System Design - Consistent Hashing

1. The rehashing problem

If you have n cache servers, a common way to balance the load is to use the following hash method: serverIndex = hash(key) % N, where N is the size of the server pool.
This approach works well when the size of the server pool is fixed. However, problems arise when new servers are added, or existing servers are removed: client will connect to the wrong server to fetch data.

2. Consistent hashing

Comparsion:

Traditional hashing: when making change on the number of slots, all keys need to be remapped
Consistent hashing: when making change on the number of slots, only k/n need to be remapped (k is the number of keys, n is the number of slots)

2.1 Hash space and hash ring

Assume hash function is f, and the output range of the hash function is: $x_0, x_1, x_2, x_3, ..., x_n$ . For example, SHA-1's hash space is $[0, 2^{160} - 1]$ , $x_0$ corresponds to 0, $x_n$ corresponds to $2^{160} - 1$ .
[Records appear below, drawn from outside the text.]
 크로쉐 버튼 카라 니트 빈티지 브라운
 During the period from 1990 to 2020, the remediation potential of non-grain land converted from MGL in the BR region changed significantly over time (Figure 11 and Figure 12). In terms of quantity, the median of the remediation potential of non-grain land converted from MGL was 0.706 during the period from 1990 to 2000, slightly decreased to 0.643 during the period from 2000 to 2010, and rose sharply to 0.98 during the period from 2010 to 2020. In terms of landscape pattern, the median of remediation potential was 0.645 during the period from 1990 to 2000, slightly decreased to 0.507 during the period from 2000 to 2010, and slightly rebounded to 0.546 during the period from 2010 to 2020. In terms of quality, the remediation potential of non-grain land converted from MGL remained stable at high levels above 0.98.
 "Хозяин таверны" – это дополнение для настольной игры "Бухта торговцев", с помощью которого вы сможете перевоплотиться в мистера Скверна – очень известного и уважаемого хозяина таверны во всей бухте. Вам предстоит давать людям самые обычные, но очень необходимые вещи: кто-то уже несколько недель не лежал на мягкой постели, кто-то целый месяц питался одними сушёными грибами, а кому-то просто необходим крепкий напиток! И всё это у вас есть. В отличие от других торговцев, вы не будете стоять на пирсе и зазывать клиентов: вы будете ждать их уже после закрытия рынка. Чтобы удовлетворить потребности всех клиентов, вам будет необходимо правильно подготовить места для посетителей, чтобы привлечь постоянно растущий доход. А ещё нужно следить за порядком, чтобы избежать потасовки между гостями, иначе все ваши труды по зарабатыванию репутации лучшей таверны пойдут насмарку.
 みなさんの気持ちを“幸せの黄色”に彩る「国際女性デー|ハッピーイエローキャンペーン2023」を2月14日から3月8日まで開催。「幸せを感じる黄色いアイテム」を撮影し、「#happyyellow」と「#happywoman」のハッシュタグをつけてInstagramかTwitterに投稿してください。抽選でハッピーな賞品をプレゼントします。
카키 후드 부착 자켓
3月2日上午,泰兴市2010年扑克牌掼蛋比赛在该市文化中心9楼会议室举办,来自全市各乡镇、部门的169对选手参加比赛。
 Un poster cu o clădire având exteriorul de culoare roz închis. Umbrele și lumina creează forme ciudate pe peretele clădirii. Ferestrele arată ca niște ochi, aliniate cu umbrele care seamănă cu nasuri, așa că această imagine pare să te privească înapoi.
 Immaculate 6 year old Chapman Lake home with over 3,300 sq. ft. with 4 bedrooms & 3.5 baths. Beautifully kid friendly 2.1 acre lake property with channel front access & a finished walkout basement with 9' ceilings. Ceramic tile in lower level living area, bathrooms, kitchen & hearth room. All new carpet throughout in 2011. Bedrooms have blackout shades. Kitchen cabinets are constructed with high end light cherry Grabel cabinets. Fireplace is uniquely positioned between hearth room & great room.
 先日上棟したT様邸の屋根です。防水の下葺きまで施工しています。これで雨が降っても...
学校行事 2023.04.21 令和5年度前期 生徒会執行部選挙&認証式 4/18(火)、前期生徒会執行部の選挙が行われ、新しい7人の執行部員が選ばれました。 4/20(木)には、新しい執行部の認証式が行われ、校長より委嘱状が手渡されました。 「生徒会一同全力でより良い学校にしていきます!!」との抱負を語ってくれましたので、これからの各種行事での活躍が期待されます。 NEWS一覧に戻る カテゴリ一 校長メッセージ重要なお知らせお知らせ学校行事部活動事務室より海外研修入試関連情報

By connecting the $x_0$ and $x_n$ , we got a hash ring.

2.2 Hash servers

We map the servers based on their IP address or name onto the ring using hash function f.
Hash Server

2.3 Hash keys

The cache keys(key0, key1, key2, and key3) are also hashed onto the hash ring, and there is no modular operation
Hash Keys

2.4 Server lookup

To determine which server a key is stored on, we go clockwise from the key position on the ring until a server is found. For example:

key0 is stored on server 0
key1 is stored on server 1
key2 is stored on server 2
key3 is stored on server 3.

Server Lookup

2.5 Add a server

adding a new server will only need to redistribute part of keys. For example, after server 4 is added, only key0 needs to be redistributed; The rest of the keys are unaffected.
Add New Server

2.6 Remove a server

When a server is removed, only part of keys require redistribution with consistent hashing. For example, when server 1 is removed, only key1 needs to be remapped to server 2. The rest of the keys are unaffected.
Remove a Server

3. Two issue in the basic approach

Basic approach of consistent hashing algorithm:

Map servers and keys on to the ring using a uniformly distributed hash function
To find out which server a key is mapped to, go clockwise from the key position until the first server on the ring is found

Two problems with the basic approach:

When add or remove a server, its impossible to keep the same size of partition for each server
It is possible to have a non-uniform key distribution on the ring

3.1 Virtual nodes

A virtual node refers to the real node, and each server is represented by multiple virtual nodes on the ring. To find which server a key is stored on, we go clockwise from the key's location and find the first virtual node encountered on the ring.
For example, both server 0 and server 1 have 3 virtual nodes:

server 0: s0_0, s0_1, and s0_2
server 1: s1_0, s1_1, and s1_2

Virtual Nodes Example

As the number of virtual nodes increases, the distribution of keys becomes more balanced; However, more spaces are needed to store data about virtual nodes. This is a tradeoff, and we can tune the number of virtual nodes to fit our system requirements.

3.2 Find affected keys

Add new server: when server S is added onto the ring. The affected range starts from S and moves anticlockwise around the ring until a server is found S'. Thus, keys located between S' and S need to be redistributed to S. For example, server 4 is added onto the ring, keys located between s3 and s4 need to be redistributed to s4.
Remove existing server: the affected range starts from S(removed node) and moves anticlockwise around the ring until a server is found S'. Thus, keys located between S and S' must be redistributed to S'. For example, When a server 1 is removed, the affected range is between server 0 and server 1.

4. Data Replication

To ensure highly available, Consistent Hashing replicates each data item on multiple N nodes. N is equivalent to the replication factor (the number of nodes that will receive the copy of the same data).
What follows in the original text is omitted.